Philip also had a very important tool in his toolbox. He knew the scripture. He knew Isaiah. He recognized what the man was reading there in the chariot. That scripture in Philip was available, and God used it. Given that at this time, not a single line of the New Testament had been written…what better scripture for Philip to be asked about to explain Jesus?
You may have noted the similarity of this story to the one of the risen Jesus on the Road to Emmaus. In that story, Jesus was also walking on a road, like Philip. He encountered some disciples and walked along with them, like Philip. Jesus and Philip both used the scripture to help open up the gospel. Both situations were marked by a holy, sacred moment (supper with Jesus, baptism in this story). Eyes were opened, like this man’s. They were filled with joy, their hearts burned within them. GOOD NEWS.

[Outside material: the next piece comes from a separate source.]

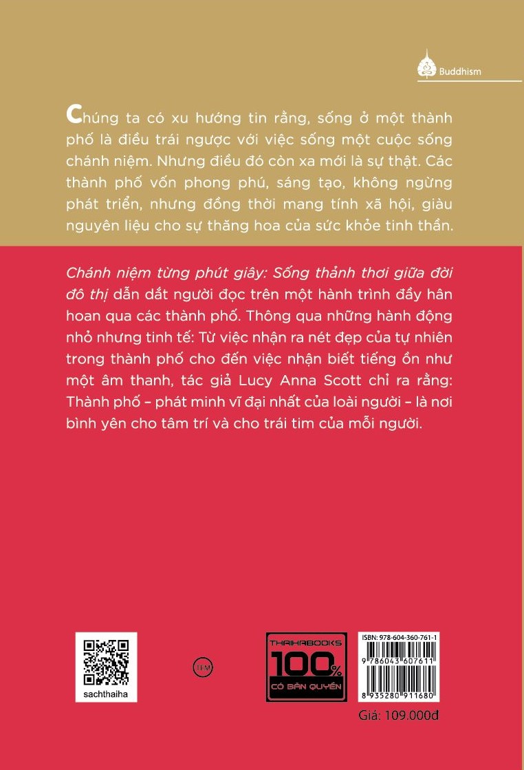 Chánh niệm là sống trọn vẹn trong từng khoảnh khắc và kéo dài khoảnh khắc đó vào miền vĩnh cửu của linh hồn. Kết nối một cách đầy ý nghĩa với lịch sử ẩm thực của con người có thể đem lại cảm giác về sự nhận thức mở rộng này. Cuộc sống thành thị vốn được ngầm định là quá huyên náo để đem đến sự yên bình, quá áp lực để cho phép bản thân được kết nối với thực tại – trong từng khoảnh khắc, với những con người khác, và cả với chính bản thân. cuốn sách này sẽ cho bạn thấy giá trị của một thành phố – một môi trường cho phép bạn được nhìn, nghe và cảm nhận nhiều hơn. Nhiều cư dân thành phố có thể lý tưởng hóa việc đánh đổi những căn hộ nhỏ-cỡ-tem-thư của họ để lấy một căn nhà yên tĩnh bên bờ biển. Việc làm để gần gũi thiên nhiên hơn như vậy – mặc dù cũng quan trọng cho tâm hồn – chưa chắc sẽ đem lại sự kết nối như khi ta ở cùng với những con người khác.  Đây là cuốn sách nằm trong bộ “Chánh niệm từng phút giây”. Cuốn sách gợi mở những suy nghĩ mới về cuộc sống thành thị – như một cách tiếp cận có “chánh niệm” hơn với cuộc sống. Cuộc sống chánh niệm đến từ việc hiểu thành phố sâu sắc hơn – khám phá những tầng lớp của nó, đào sâu bên dưới sự ồn ào, sương mù, và các đám đông. Mục lục: Lời giới thiệu: Thông điệp từ một người yêu thành phố  Một phần của thành phố chánh niệm Hít thở cùng những cái cây  Một chân trời mới  Ngắm chim bay  Nghệ thuật ngắm nhìn  Học cách lạc quan  Trân trọng sự hỗn loạn  Niềm vui của cuộc sống nhỏ bé Trân trọng sự tháo vát Kết nối với những giác quan Miệt mài trong sự thay đổi Tìm cái đẹp trong dạng thức Khám phá âm nhạc Qua con mắt của những người khác Tạo ra những ký ức tâm hồn Ngôi nhà cho những người hướng nội Nơi ẩn náu trong thành phố Đi dạo ban đêm Sắc màu của mùa đông Hãy để mưa xoa dịu bạn Tạo ra một ốc đảo hoang dã Tin thành phố Xây dựng thành phố chung Ở bên những người khác Yêu giống loài đô thị   Tác giả: Lucy Anna Scott là một nhà văn có niềm yêu thích nghệ thuật với những câu chuyện khám phá cách thực vật, cây cối và phong cảnh giúp chúng ta hiểu rõ hơn về bản thân. Cô đồng sáng lập Lost in London , một tạp chí indie chuyên khám phá những cảnh quan hoang dã của thành phố. Những cuốn sách trước đây của cô bao gồm Lạc lối ở London: những cuộc phiêu lưu ngoài trời hoang dã của thành phố và Khu vườn tí hon của tôi    Trích đoạn nội dung:

Church tradition, and some ancient historians cling to the idea that the eunuch went home to Ethiopia, and began to share the story of Jesus. One early writer even records that he shared with the Queen, who came to believe in Jesus…and that the ancient church in Ethiopia, still 40 million people strong, started from this one simple encounter.
As I read this story this week, I began to wonder especially about those of us who have followed Jesus for some time now. I wonder how long it has been since we have paid attention, been available for God to use in someone else’s life to come to know him? And if it’s been a long time, I wonder why? Are we not as fervent as we once were? Are we more fearful of rejection than earlier? Are we less convinced that the good news…is really good? Have we bought into the idea that if God were good, bad things wouldn’t happen in the world, so we hesitate to share God with others?
Or maybe you look at this story of Philip and say longingly “When am I ever going to get an opportunity like this?” I think the answer is: constantly. All the time. God is at work. He longs to love people into kingdom lives. His presence is visible everywhere, if we are paying attention.
Elizabeth Barrett Browning is the 19 th century romantic poet who wrote the well-known sonnet, “How do I love thee? Let me count the ways…” She also wrote these lines:
“Earth is crammed with heaven
and every common bush afire with God
But only he who sees takes off his shoes
the rest sit around and pluck blackberries.”
Nothing wrong with picking blackberries. But wouldn’t you rather be alert to God’s presence, burning within us and for the world, the people he has created? Wouldn’t you rather be part of Jesus’ kingdom work? Wouldn’t you rather be able to give people GOOD NEWS?
I venture to say that this week you will have a dozen opportunities to live or speak good news into people’s lives: you are surrounded by neighbors, work colleagues, family members, friends, other students, people who just happen to be on the road with you.
And I’m pretty sure that the Holy Spirit will provide the nudges for you to act or speak. What will you do? Don’t flee. Don’t look for your evange-cube! Give up trying to orchestrate everything. Pay attention. Be available. Amen.